We have: . $I \;=\;\tfrac{1}{8}\sin7x\sin8x + \tfrac{7}{64}\cos7x\cos8x + \tfrac{49}{64}I + C$

. . Then: . $\tfrac{15}{64}I \;=\;\tfrac{1}{8}\sin7x\sin8x + \tfrac{7}{64}cos7x\cos8x + C$

. . Multiply by $\tfrac{64}{15}\!:\quad I \;=\;\tfrac{8}{15}\sin7x\sin8x + \tfrac{7}{15}\cos7x\cos8x + C$

Therefore: . $\int\sin7x\cos8x\,dx \;=\;\frac{8}{15}\sin7x\sin8x + \frac{7}{15}\cos7x\cos8x + C$

5. Thanks,

How do you know when to use integration by parts and when not to use it?

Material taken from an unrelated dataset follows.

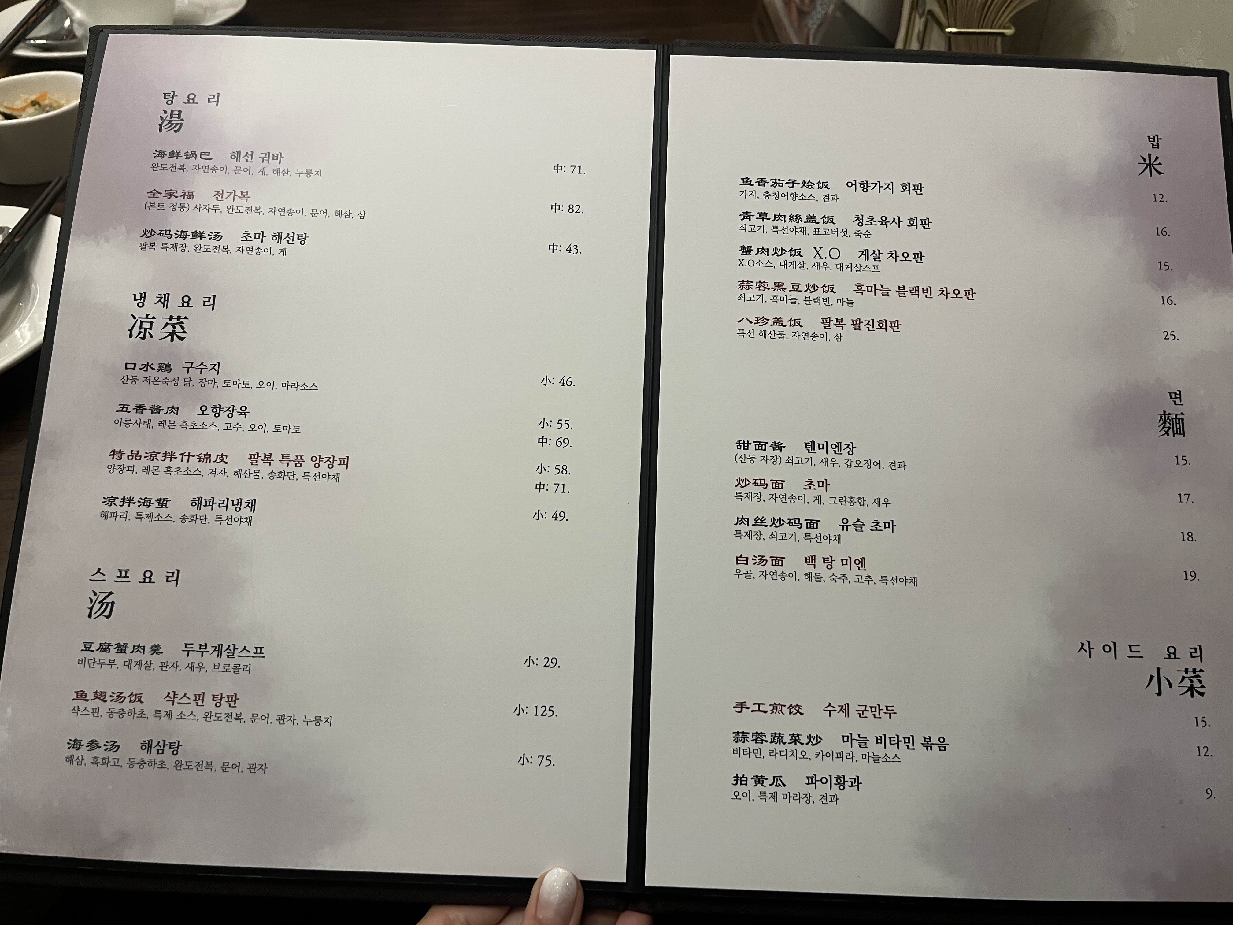 팔복에서는 동파육과 전가복, 양장피가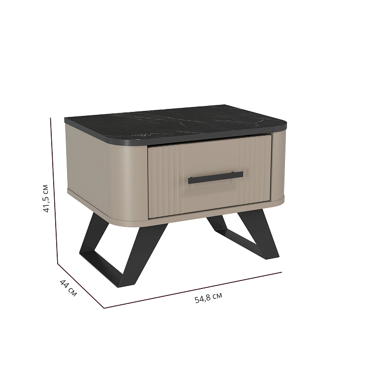 Тумба прикроватная 76.07 Фиделия (серый камень / мрамор черный / ДВПО: серый камень / ПВХ серый камень / профиль: Masa Decor серый камень) исполняется в классическом стиле и спокойных цветах. Модель сочетает в себе простоту и функциональность, но при этом не выглядит громоздко. Она гармонично впишется в пространство, не утяжеляя его.

I thought you always had to use it if you had a product of two functions =/

6. Originally Posted by Jones
Thanks,

How do you know when to use integration by parts and when not to use it?

I thought you always had to use it if you had a product of two functions =/
You use integration by parts if two situations hold...

1. One of the functions in the product should be easy to differentiate and one should be easy to integrate.

2. By integrating and differentiating the correct functions, the new integral is reduced to something easier to integrate.